The cell interconnection patterns 12a and 12b may be electrically connected to the capacitor CAP. For example, a first contact 62 may be provided in the cell chip 10. The first contact 62 may vertically penetrate the fourth and fifth interlayer insulating layers 11c and 12c, on the capacitor CAP or near the capacitor CAP. An end portion of the first contact 62 may be coupled to the cell circuit lines 12a, in the fifth interlayer insulating layer 12c. An opposite end portion of the first contact 62 may be coupled to the relative electrodes TE and AE of the capacitor CAP (in particular, the additional electrode AE), in the fourth interlayer insulating layer 11c. The capacitor CAP may be configured to send or receive electrical signals through the first contact 62. The first contact 62 may be formed of or include at least one metallic material (e.g., copper (Cu) or tungsten (W)).

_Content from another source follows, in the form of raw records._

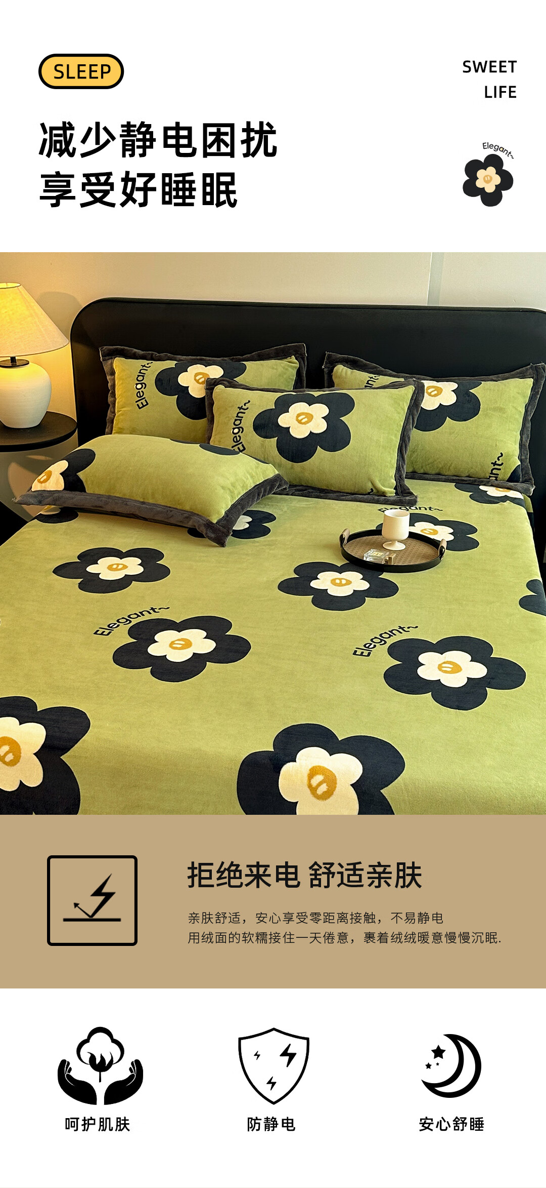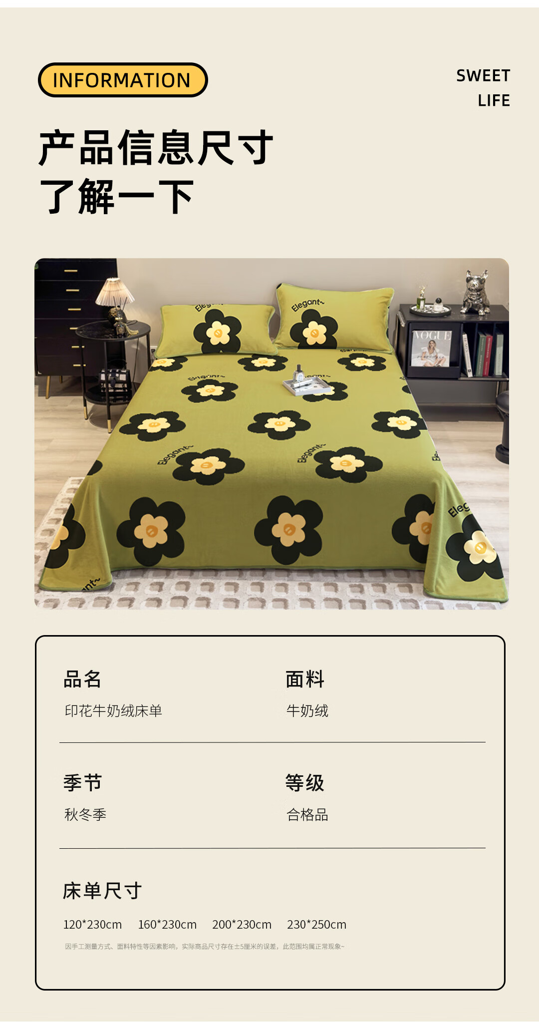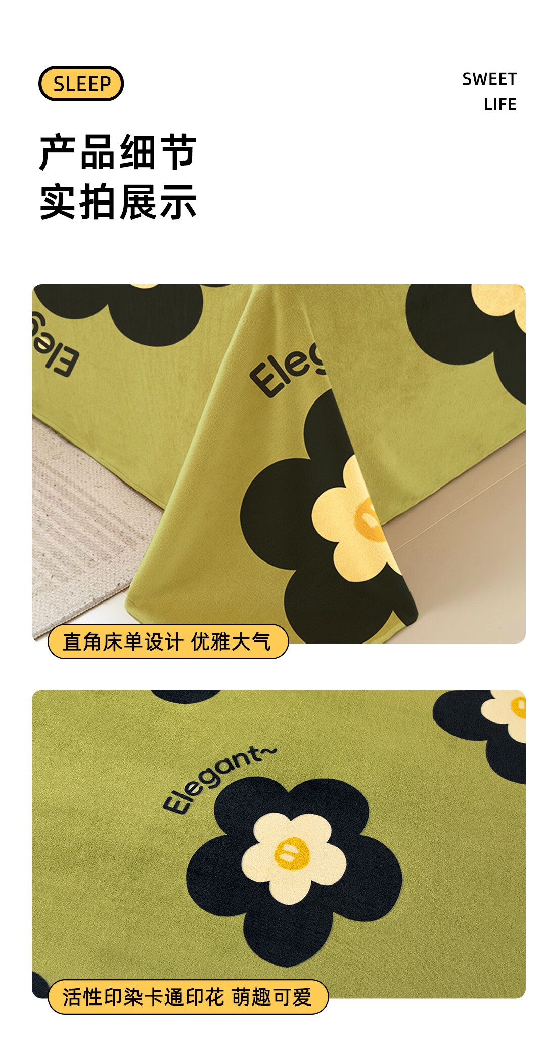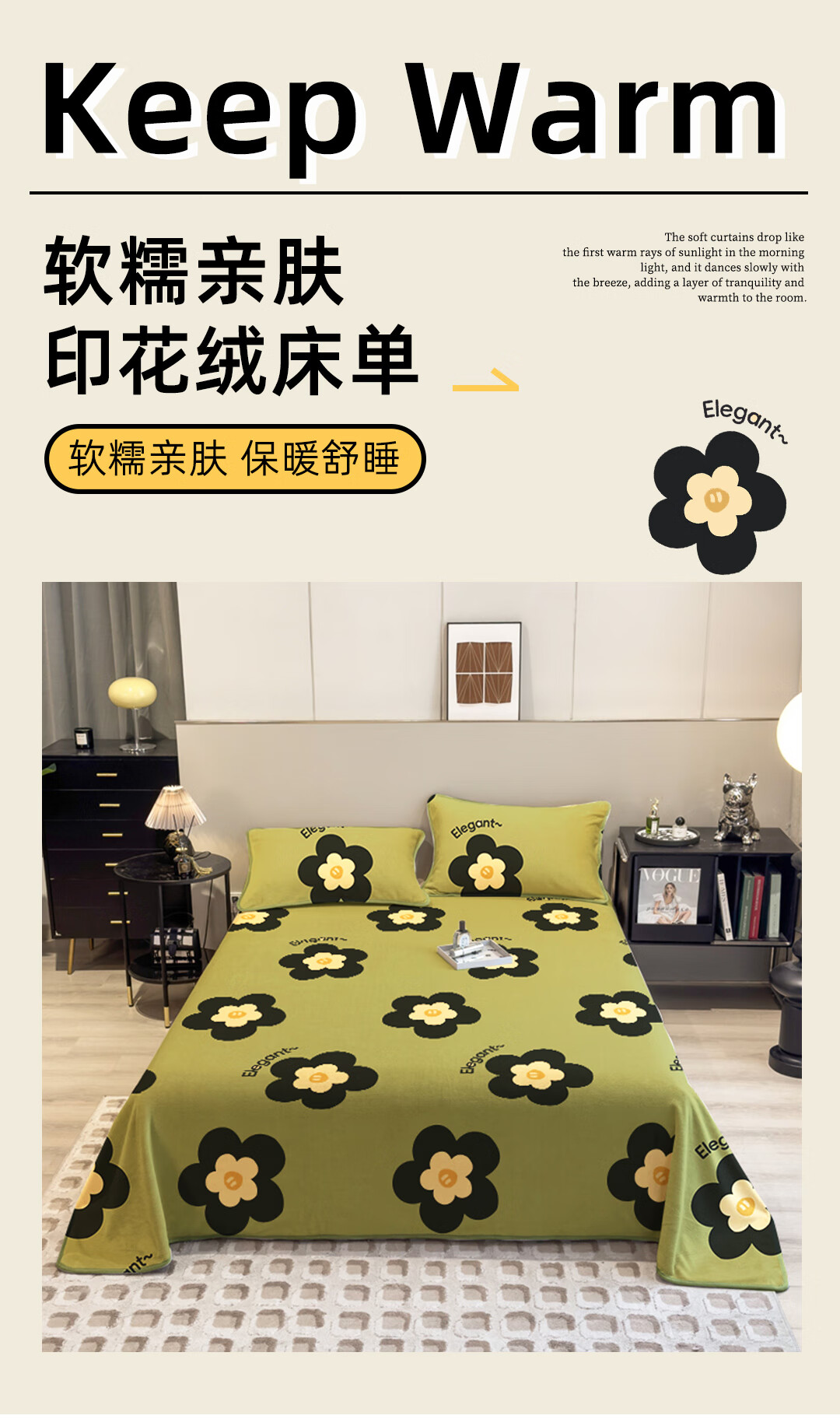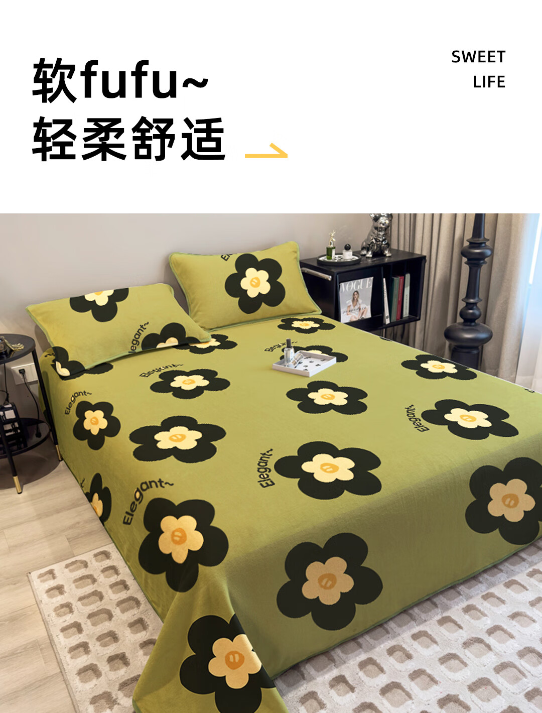 高睿加厚保暖牛奶绒床单单件双人宿舍学生宿舍被单床上专用冬季加绒 绿色大花 120*230cm
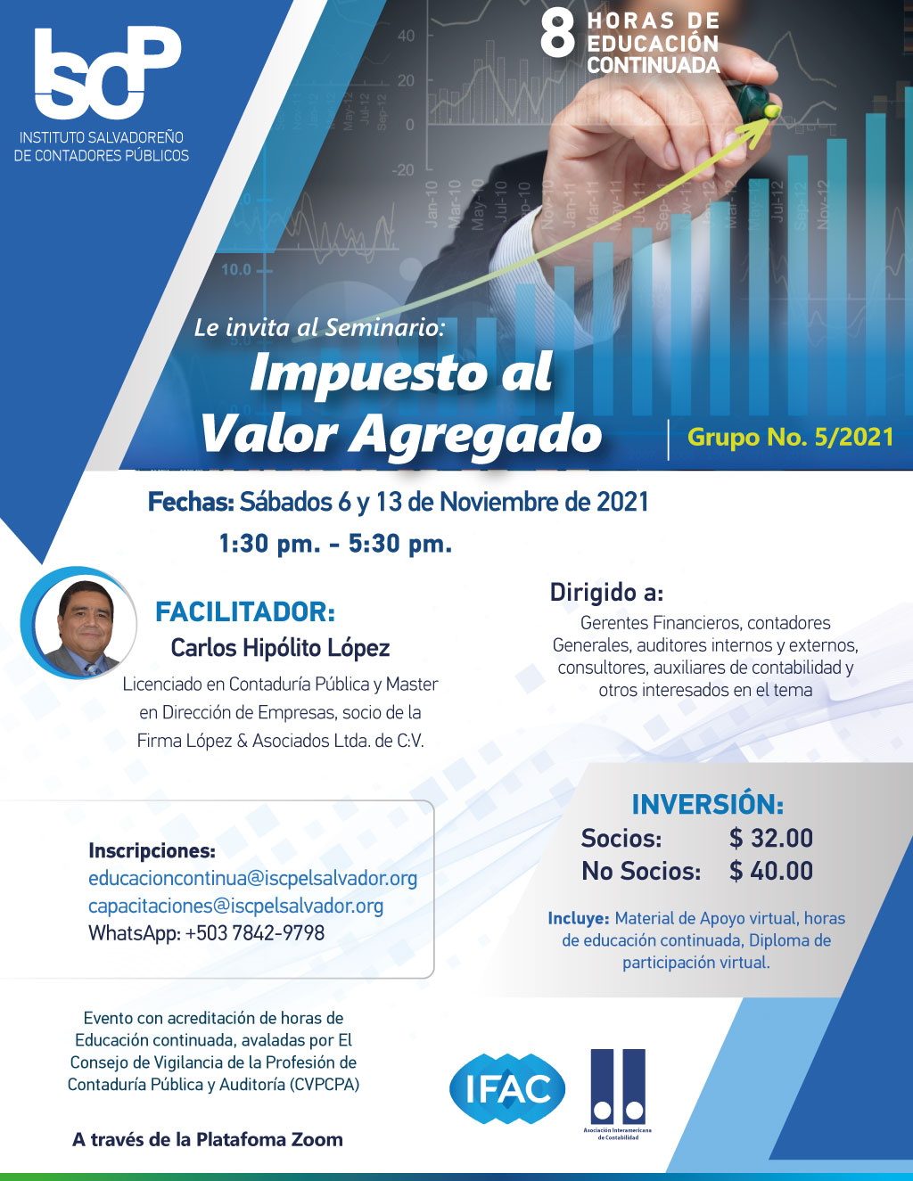 ✅ El ISCP te invita a participar en el seminario "Impuesto al Valor Agregado".
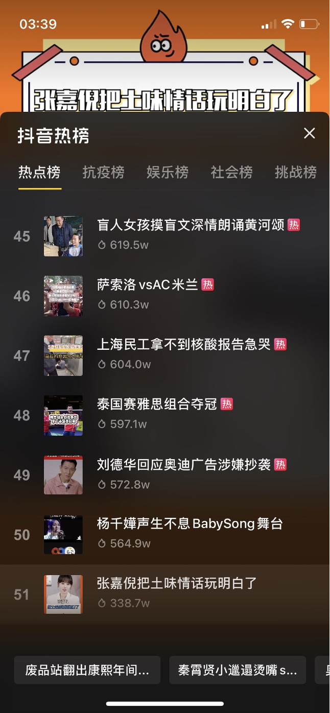 在活动bigday之前,抖音电商超级品牌日面向目标人群进行了专项运营,于抖音平台发布短视频及TopLive广告投放,提前引导大家关注品牌自播间。直播期间,结合张嘉倪直播当晚互动亮点,站内打造双话题#被张嘉倪的520wink鲨到了 、#张嘉倪把土味情话玩明白了 ,利用张嘉倪的明星光环及5.20节日热度,以强娱乐内容抢占网友视线,助力话题曝光增长,最终登上抖音热榜。
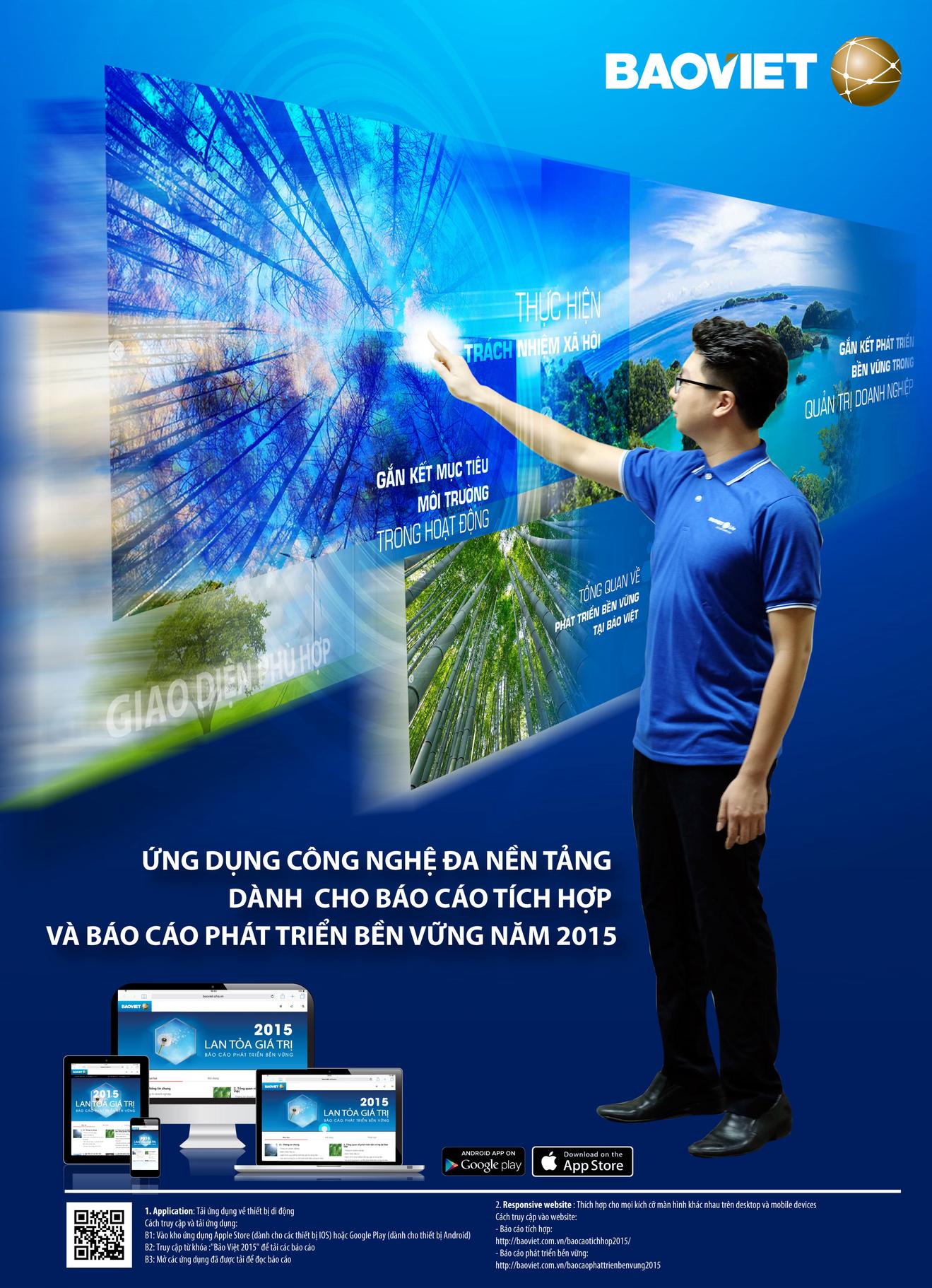 Nếu như Báo cáo Thường niên và Báo cáo Phát triển bền vững năm 2014 được Bảo Việt phát triển trên các ứng dụng chạy trên các thiết bị di động (apple store, google play) thì Báo cáo năm 2015 được ứng dụng thêm công nghệ Responsive website (ứng dụng công nghệ tích hợp đa nền tảng) cho phép người đọc luôn có những trải nghiệm tốt nhất, hiển thị giao diện đẹp nhất khi xem báo cáo trên website bất kể người đọc đang dùng thiết bị nào.
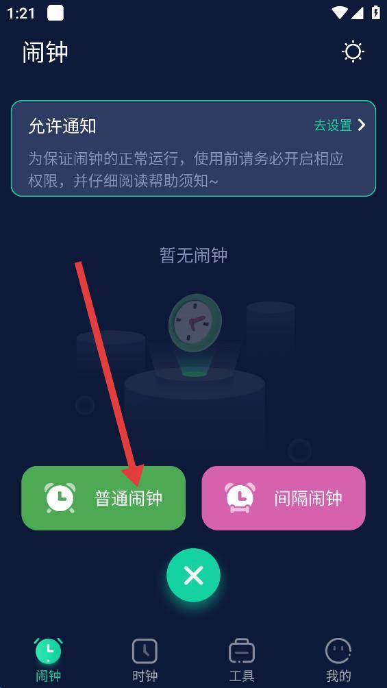 2、在彈出的選項(xiàng)中,點(diǎn)擊普通鬧鐘,進(jìn)入鬧鐘設(shè)置界面。
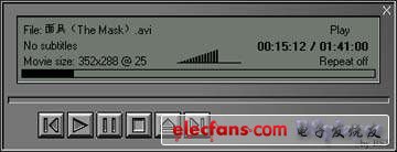 miniplayer称得上是目前最小巧的一款mpeg-4播放器,其最新版0.0.6只有119kb,压缩后只有37kb,图5就是miniplayer 0.0.6的用户界面。
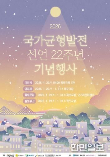 한민일보 서울포커스 임광현 기자 | 목포시는 노무현재단, 전라남도와 함께 국가균형발전선언 22주년을 맞아 1월 29일부터 31일까지 3일간 목포극장과 오거리문화센터 일원에서 ‘국가균형발전선언 22주년 기념행사’를 개최한다고 밝혔다.
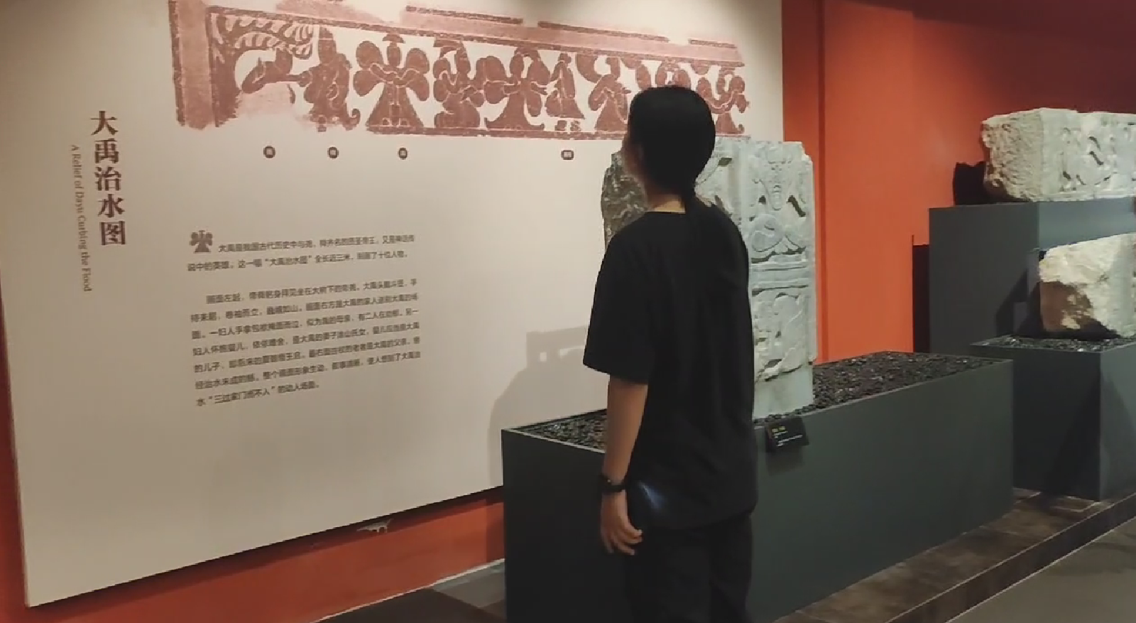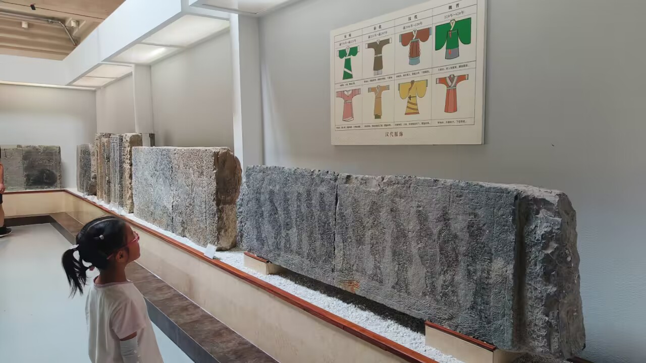 在导游的带领下,团队成员们共参观了南北两个展馆。展厅集中展示了“神道天路图”、“缉盗荣归图”等极富生活气息的画像石,漫步画像石间,犹如置身瑰丽的历史画廊,汉代工匠们以石为纸,留下的千年前的生活印记和浪漫想象,给团队成员许多有益的启示。在欣赏画像石作品的同时,团队成员了解了古代神话传说、历史故事以及政治、经济、文化等方面的知识,深刻感受到了历史文化的厚重。
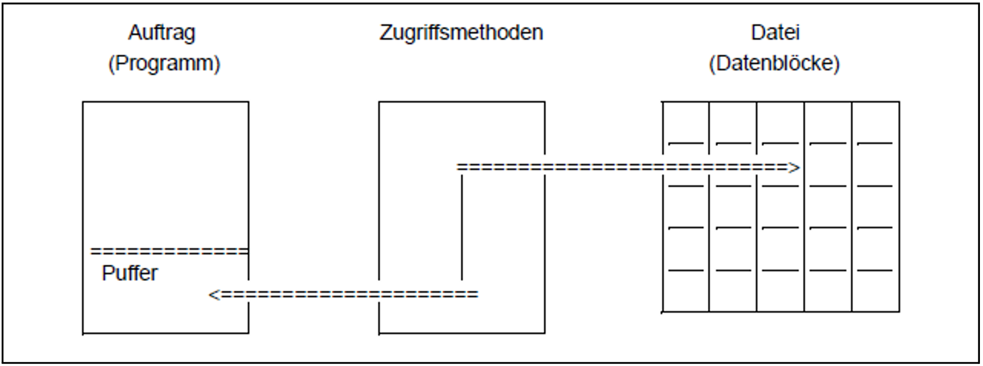 Beim Zugriff eines Benutzerprogramms auf den Inhalt einer Datei lassen sich satz- und blockorientierter Zugriff unterscheiden sowie die Betriebsarten Übertragungsbetrieb und Ortungsbetrieb.

The cell chip 10 may be disposed on the core/peripheral chip 20. The cell chip 10 may be in direct contact with the core/peripheral chip 20.
At an interface between the cell chip 10 and the core/peripheral chip 20, the second passivation layer 11d of the cell chip 10 may be bonded to the first passivation layer 22d of the core/peripheral chip 20. Here, the first and second passivation layers 22d and 11d may form a hybrid bonding structure of oxide, nitride, or oxynitride. In the present specification, the hybrid bonding structure may mean a bonding structure that is formed by two materials, which are of the same kind and are fused at an interface therebetween. For example, the first and second passivation layers 22d and 11d, which are bonded to each other, may have a continuous structure, and there may be no visible interface between the first and second passivation layers 22d and 11d. For example, the first and second passivation layers 22d and 11d may be formed of the same material, and in this case, there may be no interface between the first and second passivation layers 22d and 11d. In other words, the first and second passivation layers 22d and 11d may be provided as a single object (e.g., an single integral body). For example, the first and second passivation layers 22d and 11d may be bonded to form a single object. However, example embodiments of the inventive concepts are not limited to this example. The first and second passivation layers 22d and 11d may be formed of different materials from each other. The first and second passivation layers 22d and 11d may not have a continuous structure, and in this case, there may be a visible interface between the first and second passivation layers 22d and 11d. The first and second passivation layers 22d and 11d may not be bonded to each other, and each of the first and second passivation layers 22d and 11d may be provided as an individual element.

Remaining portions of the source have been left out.